Some reactions are common to people who experience traumatic stress as a result of witnessing or being involved in a traumatic event. Everyone who is exposed to such an event is affected by it and may experience some reaction. Being party to a traumatic incident reminds us that we are also vulnerable to tragedy. Our protective belief that "nothing could happen to me or to people I know" can be momentarily stripped away.
During the event and in the first 24 hours after it you may experience some initial shock reactions that represent a wide variety of emotions from feeling anger or fear to being numb or detached from your feelings. You might feel somewhat disoriented or cut off from the environment around you. You may also experience a number of physical shock reactions such as nausea, perspiration, tremors, loss of body control, eg., bladder control, uncontrollable crying or laughing, etc.
In the days following the event you may experience any of a large number of thoughts, feelings, physical reactions, and actions that may vary in intensity and duration. Although they can be upsetting, it is important to remember that they are normal reactions to a frightening and "abnormal" situation. These reactions are likely to become less frequent and eventually disappear within the weeks ahead. If you continue to be concerned, you may want to seek professional assistance.
- Possible Cognitive and/or Emotional Reactions
- Possible Physical Reactions and Disturbances
- Possible Behavioural Reactions
- Coping Strategies
Possible Cognitive and/or Emotional Reactions:
- Recurring dreams or nightmares about the event
- Reconstructing the event in your mind, in an effort to construct a different outcome
- Feelings of confusion or impaired judgment
- Trouble concentrating or remembering things
- Experiencing a sense of powerlessness
- Questioning your spiritual or religious beliefs
- Repeated thoughts or memories of the event which are hard to stop
- Feeling numb, withdrawn or disconnected
- Experiencing fear and anxiety when things remind you of the event
- Feeling a lack of involvement in everyday activities
- Feeling depressed, sad, or down much of the time
- Feeling bursts of anger, rage or intense irritability
- Experiencing a sense of injustice
- Feeling a sense of emptiness or hopelessness about the future
- Increased need to control everyday experiences
- Feelings of panic or feeling out of control
- Feelings of helplessness
- Feeling a lack of enjoyment in usually pleasurable activities
Possible Physical Reactions and Disturbances:
- Gastro-intestinal problems, e.g., nausea, constipation, diarrhea
- Allergies, skin rashes
- Headaches, backaches, stomach aches
- Vascular, cardio-vascular and muscular problems, fluctuations in blood pressure, etc.

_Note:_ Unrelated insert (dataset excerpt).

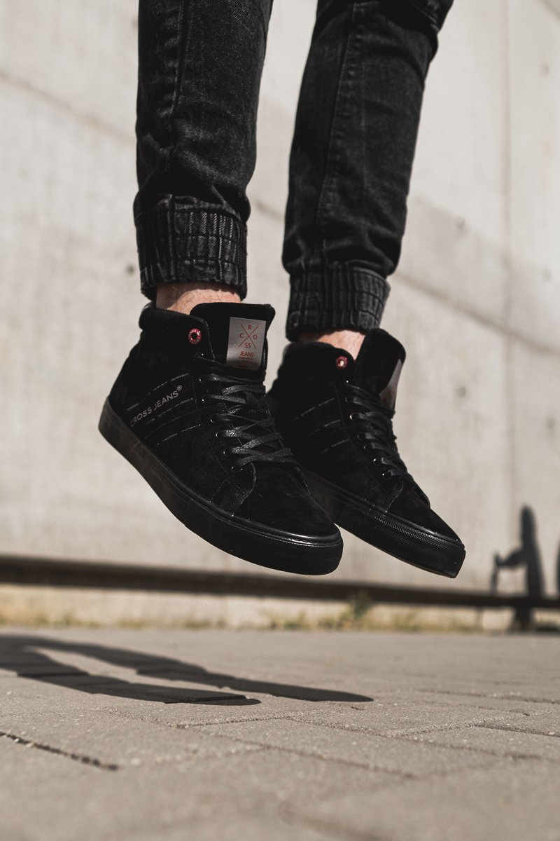 Trampki Męskie Cross Jeans Wysokie Skóra Zamsz Czarne EE1R4057C

Possible Behavioural Reactions:
- Being overprotective of your safety.
- Isolating yourself from others.
- Increased or decreased consumption of food, drugs, alcohol.
- Becoming very alert at times, and startling easily.
- Change in eating behaviour or sexual interest.
- Problems getting to sleep or staying asleep; sleeping more than usual.
- Avoiding activities that remind you of the event; avoiding places or people that bring back memories.
- Increased conflict with family members or other people.
- Keeping excessively busy to avoid thinking about the event and what has happened to you.
- Being tearful or crying for no apparent reason.
- Any behaviour that for you is atypical.
- It is important during times of stress to take steps to renew and care for yourself. Healing and recovering from the emotional effects of the event will take time.
- When you can, allow yourself to feel emotions such as sadness, anger or grief over what has happened. Talking to others about how you are feeling is important.
- Try to keep your personal routines in place such as regular meal times and other personal rituals. These will help you to feel as though your life has some sense of order.
- Upsetting times can cause people to drink alcohol or to use drugs in a way that causes other problems. Try to cope with your stresses without increasing your drinking. Alcohol and drugs won't help in the long run.
- Healthy practices such as eating well, exercising and getting enough sleep are especially important in time of high stress.
- This is a difficult time and everyone's emotions are closer to the surface. Try to be understanding and forgiving of yourself and others.
- Don't let yourself become isolated. Maintain connections with your friends, relatives, neighbours, co-workers, or members of your religious community. Talk about your experiences with them.
- Commit to something personally meaningful and important everyday.
- Write about your experiences for yourself or to share.